TASK PROMPT: Between the line containing "Gestartet auf 1050" and the line containing "Royals #17 Wade" lies a run of lines; give that run again exactly, with both of those lines, and nothing else from the entries below.

START RECORDS SUPPLIED

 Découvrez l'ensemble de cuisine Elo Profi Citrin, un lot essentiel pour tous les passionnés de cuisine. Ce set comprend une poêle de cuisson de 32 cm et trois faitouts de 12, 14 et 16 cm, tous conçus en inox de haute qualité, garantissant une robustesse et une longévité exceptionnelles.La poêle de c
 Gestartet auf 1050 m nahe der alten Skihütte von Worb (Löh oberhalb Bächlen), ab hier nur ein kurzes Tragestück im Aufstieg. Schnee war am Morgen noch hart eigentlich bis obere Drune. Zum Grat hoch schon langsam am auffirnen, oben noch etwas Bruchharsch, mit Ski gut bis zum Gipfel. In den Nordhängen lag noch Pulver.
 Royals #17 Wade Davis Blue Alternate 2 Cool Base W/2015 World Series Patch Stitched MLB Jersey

END RECORDS SUPPLIED
START RECORDS SUPPLIED

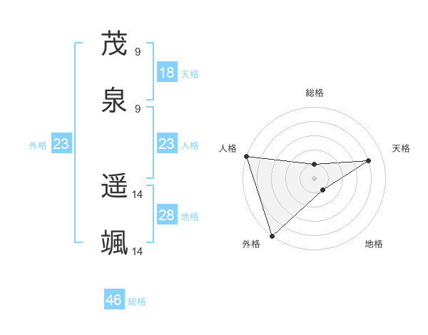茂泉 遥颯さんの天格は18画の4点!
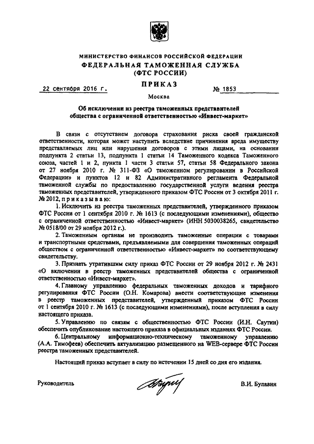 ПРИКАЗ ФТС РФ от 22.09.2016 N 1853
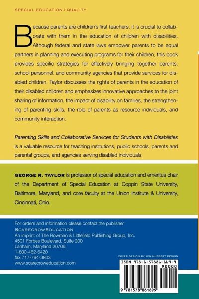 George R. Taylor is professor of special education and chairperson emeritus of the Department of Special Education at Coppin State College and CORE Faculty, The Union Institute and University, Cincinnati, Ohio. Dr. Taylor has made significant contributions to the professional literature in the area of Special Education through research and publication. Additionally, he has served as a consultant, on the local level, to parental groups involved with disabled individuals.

END RECORDS SUPPLIED

ANSWER BELOW:
 Gestartet auf 1050 m nahe der alten Skihütte von Worb (Löh oberhalb Bächlen), ab hier nur ein kurzes Tragestück im Aufstieg. Schnee war am Morgen noch hart eigentlich bis obere Drune. Zum Grat hoch schon langsam am auffirnen, oben noch etwas Bruchharsch, mit Ski gut bis zum Gipfel. In den Nordhängen lag noch Pulver.
 Royals #17 Wade Davis Blue Alternate 2 Cool Base W/2015 World Series Patch Stitched MLB Jersey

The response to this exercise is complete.